Так уж вышло, что моя двухдневная поездка в Минск пошла слегка не по плану и немного затянулась по времени. Когда я вышла из изолятора и увидела, сколько внимания было к этой истории, стало даже неудобно — ведь в итоге со мной не случилось ничего страшного. Но, возможно, благодаря огласке ничего и не случилось. Поэтому огромное спасибо всем за поддержку, особенно Мемориалу и безбашенной Кате Горбуновой из «Адвокатской Улицы», которая поехала в Беларусь и взбаламутила там всех, рискуя повторить мой маршрут.
Теперь два маленьких комментария:
1) Фото и видеосъемку во время заседания по «делу Вясны» я не вела.

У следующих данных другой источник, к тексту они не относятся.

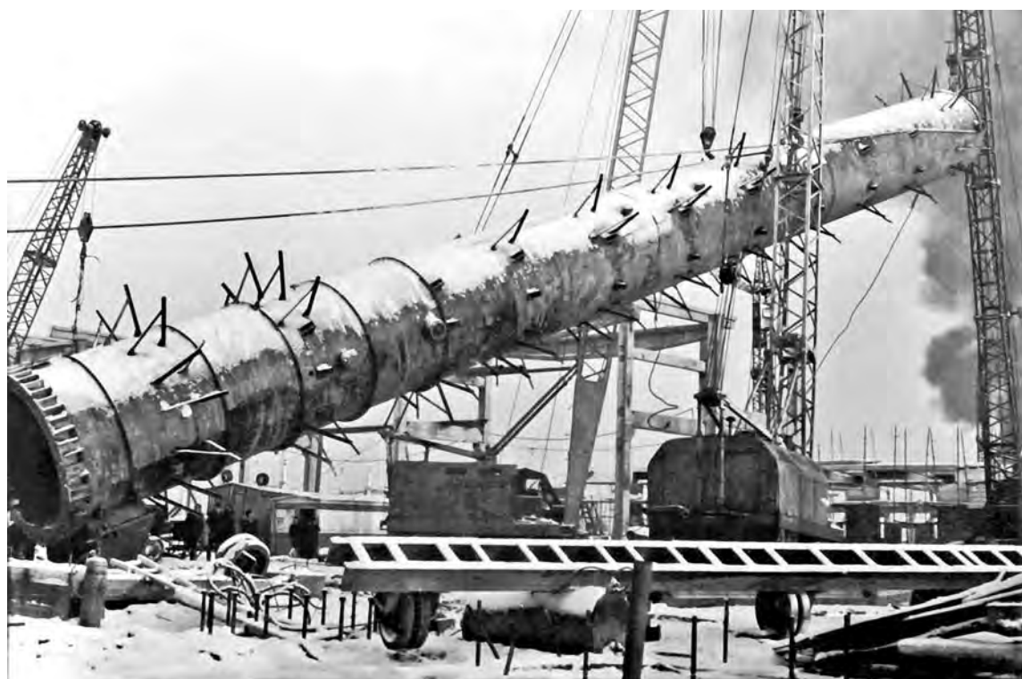
● Монтаж колонн блока стабилизации каталитического риформинга (установка Л-35-11/600)

Таким образом свидетель-милиционер пытался оправдать, почему же меня увели сразу после заседания. В суде есть видеокамеры, которые могли бы опровергнуть это вранье. Поэтому протокол составили не за вымышленную съемку, а за «мелкое хулиганство» в РУВД Московского района. В котором по удивительному совпадению не оказалось видеокамер именно на том этаже, где я якобы материла товарищей милиционеров и вела себя вызывающе.
2) Милиция не оставляла мои вещи у себя. Мне не вернули два телефона — по словам тех, кто меня депортировал, они на «экспертизе». Видимо, потому, что я не дала пароли. А все остальное, что было со мной во время задержания, сотрудники Окрестина отдали. При этом педантично вычли из наличных денег 240 беларуских рублей, на которую меня любезно кормили все это время — в Беларуси ты должен оплатить питание после освобождения. Чем не пансионат! Где остальные вещи, с которыми я приехала, я не знала. Поэтому пришлось уезжать без них.
Но рассказать я хочу не про себя. То, что со мной произошло — один из самых лайтовых сценариев из возможных. Я цела, почти здорова, без уголовного дела и на свободе. Чего не скажешь о других. В день, когда я пишу этот текст, я узнала, что мою сокамерницу, 63-летнюю пенсионерку, готовятся отправить в СИЗО — в ее отношении возбудили уголовное дело из-за одной-единственной фотографии с протестов. Так работает конвейер политических дел.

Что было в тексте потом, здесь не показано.